[Math] Approximating Fresnel integrals with standard functions

approximationcalculusfresnel-integralsinterpolation

I would like to approximate the Fresnel S and Fresnel C with standard functions.

I've started with the $ S(x) $ function:

$$ approxS(x) = sgn(x) * \left ( sgn(x)* \left ( \frac{ \sin( \frac{x^2}{2} ) }{x} \right) + 0.5 \right ) $$

The result looks like this:

approx

This is the FresnelS function:

fresnelS

The difference ( $ approxS(x) – S(x) $ ):

difference

What do I wrong?
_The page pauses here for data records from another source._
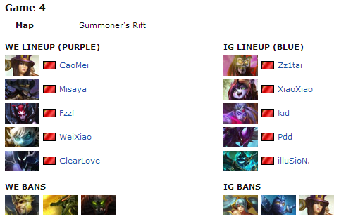 World Elite looks to conclude the series once and for all by abusing their rich Shen, however, it leaves a wide open door for a pincer attack with Malphite teleporting to a nearby ward and devestating Weixiao and Fzzf. Fzzf later departs in the aftermath of the teamfight attempting to split push an inhibitor in the bottom lane, but fails to do so with the "support wars" going on against Sona. Meanwhile, with 3 down and one in the wrong part of the map, Invictus Gaming rush down middle, ripping World Elite's nexus turrets to shreds tower by tower, and narrowly manages to secure a 3-2 victory in a fantastic series!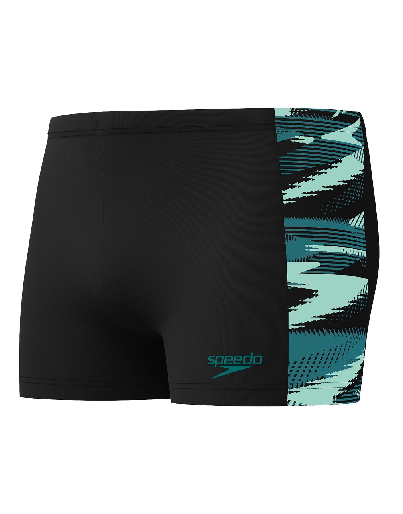 The Hyperboom Panel Aquashort by Speedo features an attractive contrast panel pattern down the sides in green. It is designed with a drawstring waist, which provides security and an enhanced fit. The aquashort is made from Endurance+ fabric, is chlorine-resistant, quick drying, and long-lasting, perfect for regular swimming or training sessions.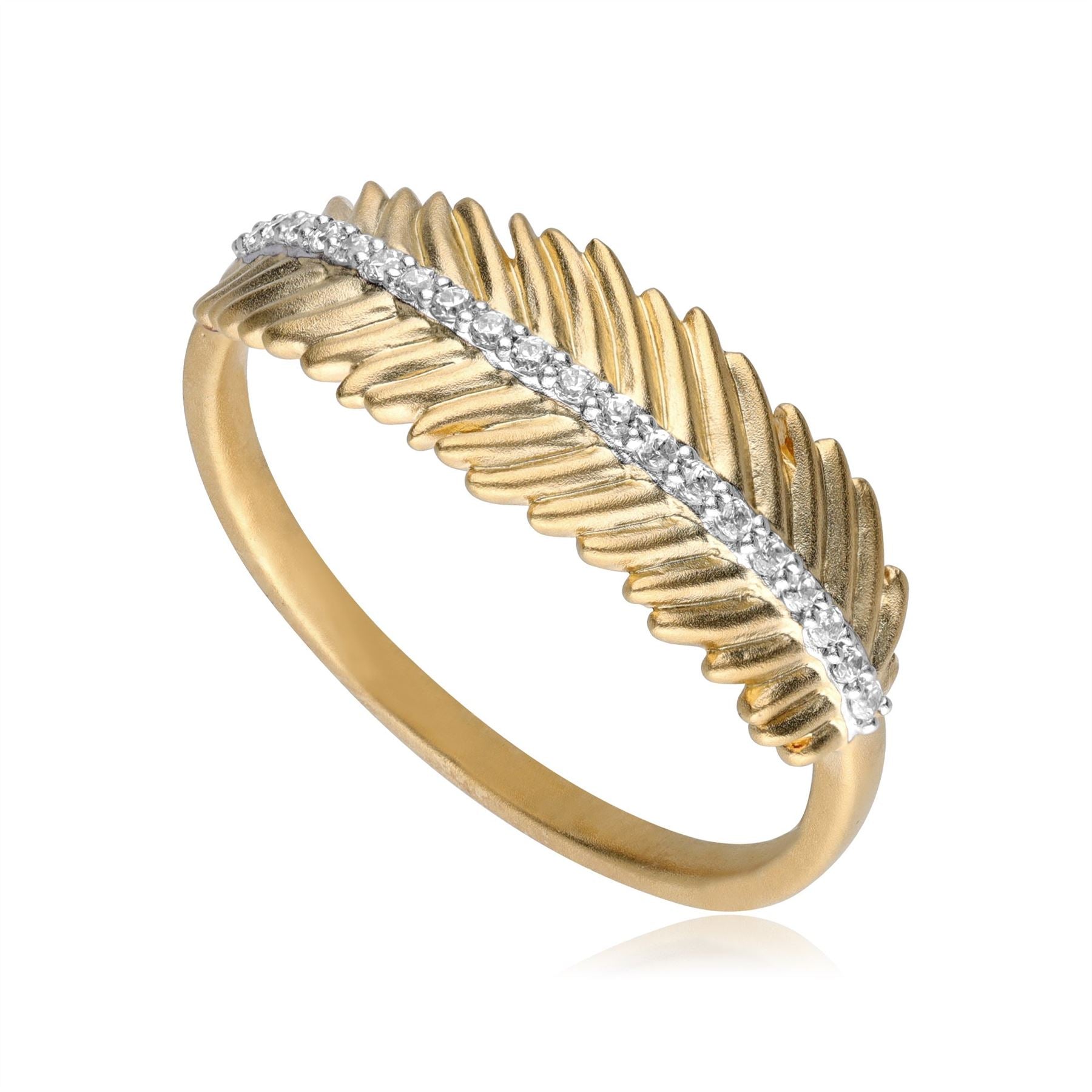 Aggiungi un tocco di eleganza vintage alla tua collezione di gioielli con questo splendido anello con piuma in oro giallo 9k spazzolato, completato da un sofisticato diamante.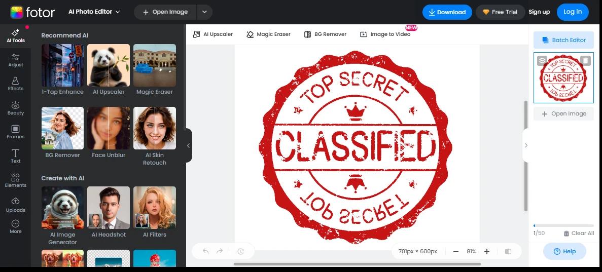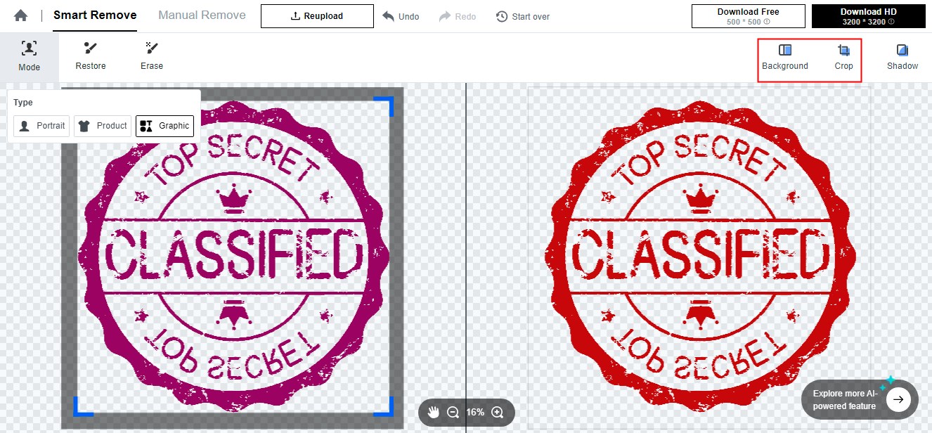 第三步,图片上传后网站开始识别并抠出印章,完成后界面中可以看到透明底的印章,使用左侧的功能,可以优化印章的颜色等。

How could I approximate it better?

Best Answer

According to https://en.wikipedia.org/wiki/Fresnel_integral, for large $x$, $S(x) =\sqrt{\dfrac{\pi}{2}}\left(\dfrac{sign(x)}{2} -(1+O(x^{-4}))\left(\dfrac{\cos(x^2)}{x\sqrt{2\pi}} +\dfrac{\sin(x^2)}{x^3\sqrt{8\pi}} \right)\right) $ and $C(x) =\sqrt{\dfrac{\pi}{2}}\left(\dfrac{sign(x)}{2} +(1+O(x^{-4}))\left(\dfrac{\sin(x^2)}{x\sqrt{2\pi}} +\dfrac{\cos(x^2)}{x^3\sqrt{8\pi}} \right)\right) $.

You can get the direct power series (good for small $x$) by expanding the integral term-by-term.

It might be interesting to see how close these are.